The Interior Ministry is still in Cabello’s hands, with top cops and allies running the main security agencies: Douglas Rico at CICPC, his cousin Alexis Rodriguez Cabello at SEBIN, and his old pal Gustavo González López now commanding both Delcy’s security ring and the fearsome DGCIM (his predecessor was fired after the US captured Maduro and Cilia Flores). Colonel Alexander Granko, who became the face of state violence in the 2020s, remains DGCIM’s special ops star, but has kept a low profile in recent weeks.

Having said that, recent moves suggest that Delcy Rodríguez retains an interest in the structure and functions of a security apparatus she does not fully control—and is willing to upgrade and trim it where possible. On February 9, the government officially dissolved the Strategic Center for Security and Protection of the Homeland (CESSPA), the intelligence body tasked with monitoring “foreign and domestic enemy activity” by centralizing data from all state security organs. Its shutdown came with the elimination of six social missions dating back to the Chávez and Maduro periods.

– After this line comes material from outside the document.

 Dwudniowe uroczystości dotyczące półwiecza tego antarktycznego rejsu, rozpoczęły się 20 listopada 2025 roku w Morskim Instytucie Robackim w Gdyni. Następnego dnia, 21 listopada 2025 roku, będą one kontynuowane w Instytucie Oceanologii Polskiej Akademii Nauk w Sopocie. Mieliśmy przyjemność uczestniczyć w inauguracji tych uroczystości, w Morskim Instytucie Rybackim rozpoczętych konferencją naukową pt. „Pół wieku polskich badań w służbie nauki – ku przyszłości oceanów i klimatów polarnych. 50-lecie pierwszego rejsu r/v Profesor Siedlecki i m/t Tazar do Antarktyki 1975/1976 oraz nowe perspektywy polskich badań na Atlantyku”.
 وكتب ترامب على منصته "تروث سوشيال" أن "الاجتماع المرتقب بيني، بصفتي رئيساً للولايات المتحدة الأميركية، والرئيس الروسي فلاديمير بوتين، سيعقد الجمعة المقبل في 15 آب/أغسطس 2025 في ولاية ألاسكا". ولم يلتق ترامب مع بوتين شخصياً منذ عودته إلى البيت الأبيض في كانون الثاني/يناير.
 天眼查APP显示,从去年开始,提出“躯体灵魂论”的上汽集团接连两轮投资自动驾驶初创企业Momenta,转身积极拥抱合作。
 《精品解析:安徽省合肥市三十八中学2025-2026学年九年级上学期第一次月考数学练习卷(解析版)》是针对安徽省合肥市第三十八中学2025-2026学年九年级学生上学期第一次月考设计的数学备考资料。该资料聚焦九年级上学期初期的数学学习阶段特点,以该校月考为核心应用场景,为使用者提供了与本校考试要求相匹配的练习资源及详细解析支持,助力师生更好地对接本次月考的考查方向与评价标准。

Senior politicians close to the opposition leader—Guanipa, Perkins Rocha, and Freddy Superlano—remain under house arrest. The amnesty law, scheduled for discussion tonight, would be entirely incompatible with that fact.

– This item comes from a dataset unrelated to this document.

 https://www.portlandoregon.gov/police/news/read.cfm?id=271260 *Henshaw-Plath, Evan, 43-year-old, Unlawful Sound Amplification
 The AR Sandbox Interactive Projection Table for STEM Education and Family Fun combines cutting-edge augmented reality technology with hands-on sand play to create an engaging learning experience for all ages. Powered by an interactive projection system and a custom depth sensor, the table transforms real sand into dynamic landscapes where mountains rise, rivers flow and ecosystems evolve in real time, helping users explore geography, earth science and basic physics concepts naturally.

Earlier, flanked by senior chavista leaders and military generals, Rodríguez announced the creation of a new intelligence body: the National Office for Defense and Cybersecurity, conceived as a hub “where Venezuela’s scientists and technology experts should come together to defend our cyberspace.” She appointed Gabriela Jiménez to lead it, a biologist who previously served as Science and Technology Minister and was part of chavismo’s delegation during the Mexico negotiations. In August 2024, Jiménez had already alleged that the National Electoral Council (CNE) and dozens of Venezuelan institutions were the target of cyberattacks in the context of the July 28 presidential vote.

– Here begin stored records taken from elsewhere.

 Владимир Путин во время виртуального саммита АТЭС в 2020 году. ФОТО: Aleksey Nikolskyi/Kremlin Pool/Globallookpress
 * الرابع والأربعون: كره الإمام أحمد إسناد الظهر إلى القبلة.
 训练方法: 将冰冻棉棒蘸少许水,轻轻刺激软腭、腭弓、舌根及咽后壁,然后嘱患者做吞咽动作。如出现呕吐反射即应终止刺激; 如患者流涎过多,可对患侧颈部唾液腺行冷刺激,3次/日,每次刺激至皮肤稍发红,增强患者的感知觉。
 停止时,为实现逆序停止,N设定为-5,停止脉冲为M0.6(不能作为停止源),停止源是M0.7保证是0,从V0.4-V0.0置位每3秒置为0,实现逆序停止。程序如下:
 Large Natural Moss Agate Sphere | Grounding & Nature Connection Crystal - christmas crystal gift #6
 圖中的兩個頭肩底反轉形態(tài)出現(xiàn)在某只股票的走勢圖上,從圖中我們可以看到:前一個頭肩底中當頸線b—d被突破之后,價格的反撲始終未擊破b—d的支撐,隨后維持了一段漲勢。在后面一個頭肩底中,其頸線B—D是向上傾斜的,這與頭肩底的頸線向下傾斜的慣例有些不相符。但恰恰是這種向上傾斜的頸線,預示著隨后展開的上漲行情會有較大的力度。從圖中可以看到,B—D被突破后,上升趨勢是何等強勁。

Delcy may have already taken a step toward the state goal of reforming the judicial system. This month, the National Assembly approved an amendment to the statute governing the CICPC, emphasizing clearer chains of command and defining officers’ roles in criminal investigations. In a country where the scientific police (whether the CICPC or its predecessor, the Policía Técnica Judicial) has long exercised outsized influence over the justice system, the reform does sound interesting. It doesn’t undo Chávez-era decrees that subordinate judges and prosecutors to intelligence bodies rather than positioning them as institutional checks. Whether this marks the beginning of deeper changes with chavismo in power also remains to be seen.

Information remains scarce and, now more than ever, the country’s future is being discussed behind closed doors, with few listening in—such as yesterday’s meeting between Southern Command chief Francis Donovan and Delcy Rodríguez, Cabello, and Vladimir Padrino López. Our latest Political Risk Report indicates that María Corina Machado’s return to Venezuela featured prominently in conversations between Secretary Wright and Delcy last week. That development would not only deepen tensions within chavismo, but also test the resilience of the supposed transition now being pursued.

Senior politicians close to the opposition leader—Guanipa, Perkins Rocha, and Freddy Superlano—remain under house arrest. The amnesty law, scheduled for discussion tonight, would be entirely incompatible with that fact. We will soon see how far the so-called moderate lawmakers are willing (or able) to push it.